Ray Mason

Personal information
- Full name: Raymond Mason
- Died: 2003

Playing information
- Position: Halfback
Club
| Years | Team | Pld | T | G | FG | P |
| 1951–57 | South Sydney | 90 | 6 | 0 | 0 | 18 |
- Source:

= Ray Mason =

Australian rugby league footballer

Ray Mason was an Australian rugby league footballer who played in the 1950s for South Sydney as a . He played for the club during their golden era in the 1950s, when the club won 5 premierships with Mason being a member in 3 of those premiership victories.

==Club career==
Mason began his first grade career in 1951. That year, Mason won his first premiership with Souths as they defeated Manly 42–14 at the Sydney Cricket Ground. Mason missed out playing in the following year's grand final against Western Suburbs due to injury.

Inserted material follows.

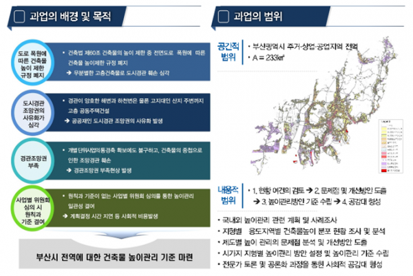 그동안 부산시와 학회는 부산시의 건축물 현황 조사와 국내외 도시의 높이 관리 사례조사 제도별 높이 관리 문제점 분석 및 개선방안을 도출 전문가 및 건축·건설 관계자 세미나 및 토론회 총괄건축가 자문 시의회 보고 관련 부서 협의 부산시 도시계획위원회 자문 등을 거쳤으며 용역 결과를 기준으로 ‘부산시 도시계획위원회 높이계획 관리 운영지침’을 마련해 향후 부산시 도시계획위원회 심의 시 활용할 예정이다.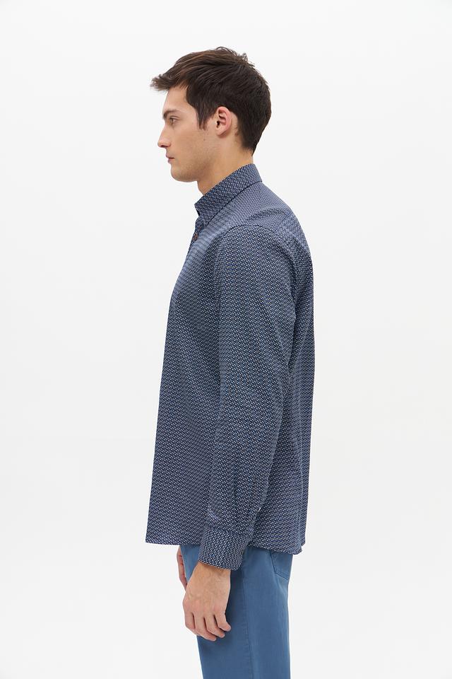 Эта рубашка от Bugatti станет незаменимой частью вашего гардероба. Выполнена в синем цвете с мелким геометрическим принтом, который придает ей изысканность и индивидуальность.

He was a member of the Souths sides which won the premiership in 1953 and 1954, defeating St George and Newtown respectively. Mason played on with Souths for 3 more years, but was not a member of the 1955 premiership winning side which defeated Newtown 12–11.

==Later life==
Mason coached the third grade South Sydney side from 1958 to 1965, and guided them to a premiership in 1963. He was made a life member of the club in 1965, and served as a committee member. Mason later became director of the South Sydney leagues club for seven years.